Records from a collection:
+++++
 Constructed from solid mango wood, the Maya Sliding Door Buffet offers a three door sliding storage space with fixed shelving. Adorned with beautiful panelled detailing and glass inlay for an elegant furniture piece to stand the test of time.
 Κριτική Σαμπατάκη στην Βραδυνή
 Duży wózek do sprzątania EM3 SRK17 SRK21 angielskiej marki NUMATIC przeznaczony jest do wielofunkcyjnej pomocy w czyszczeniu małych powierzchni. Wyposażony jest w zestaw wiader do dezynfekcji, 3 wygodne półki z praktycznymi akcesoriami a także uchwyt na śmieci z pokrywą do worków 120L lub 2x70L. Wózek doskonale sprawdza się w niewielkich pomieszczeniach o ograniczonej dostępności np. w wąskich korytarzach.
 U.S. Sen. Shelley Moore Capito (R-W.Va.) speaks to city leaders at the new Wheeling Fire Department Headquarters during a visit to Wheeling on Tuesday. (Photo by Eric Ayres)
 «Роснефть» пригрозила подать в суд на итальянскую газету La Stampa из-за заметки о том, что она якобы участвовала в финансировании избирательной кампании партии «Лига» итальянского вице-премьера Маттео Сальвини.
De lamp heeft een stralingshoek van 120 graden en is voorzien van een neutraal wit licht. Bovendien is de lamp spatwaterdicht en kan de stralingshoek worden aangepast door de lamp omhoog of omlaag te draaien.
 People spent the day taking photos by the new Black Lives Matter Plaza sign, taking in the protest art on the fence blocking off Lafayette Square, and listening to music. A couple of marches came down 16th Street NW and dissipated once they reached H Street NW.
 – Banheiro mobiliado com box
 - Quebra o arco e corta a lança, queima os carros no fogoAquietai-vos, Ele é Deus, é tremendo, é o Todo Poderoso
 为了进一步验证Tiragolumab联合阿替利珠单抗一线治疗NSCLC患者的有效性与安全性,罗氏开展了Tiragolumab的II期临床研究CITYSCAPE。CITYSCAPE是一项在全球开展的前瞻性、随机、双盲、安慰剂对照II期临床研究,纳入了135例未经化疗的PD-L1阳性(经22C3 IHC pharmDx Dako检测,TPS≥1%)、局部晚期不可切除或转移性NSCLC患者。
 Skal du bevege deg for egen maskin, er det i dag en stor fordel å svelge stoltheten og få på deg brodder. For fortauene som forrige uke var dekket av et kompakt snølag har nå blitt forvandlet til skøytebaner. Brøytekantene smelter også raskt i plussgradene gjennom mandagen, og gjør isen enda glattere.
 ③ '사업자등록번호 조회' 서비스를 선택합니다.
+++++
- What you have to do
What are the lines above that hold the string "door"? Copy them.

- Response to the exercise
 Constructed from solid mango wood, the Maya Sliding Door Buffet offers a three door sliding storage space with fixed shelving. Adorned with beautiful panelled detailing and glass inlay for an elegant furniture piece to stand the test of time.
De lamp heeft een stralingshoek van 120 graden en is voorzien van een neutraal wit licht. Bovendien is de lamp spatwaterdicht en kan de stralingshoek worden aangepast door de lamp omhoog of omlaag te draaien.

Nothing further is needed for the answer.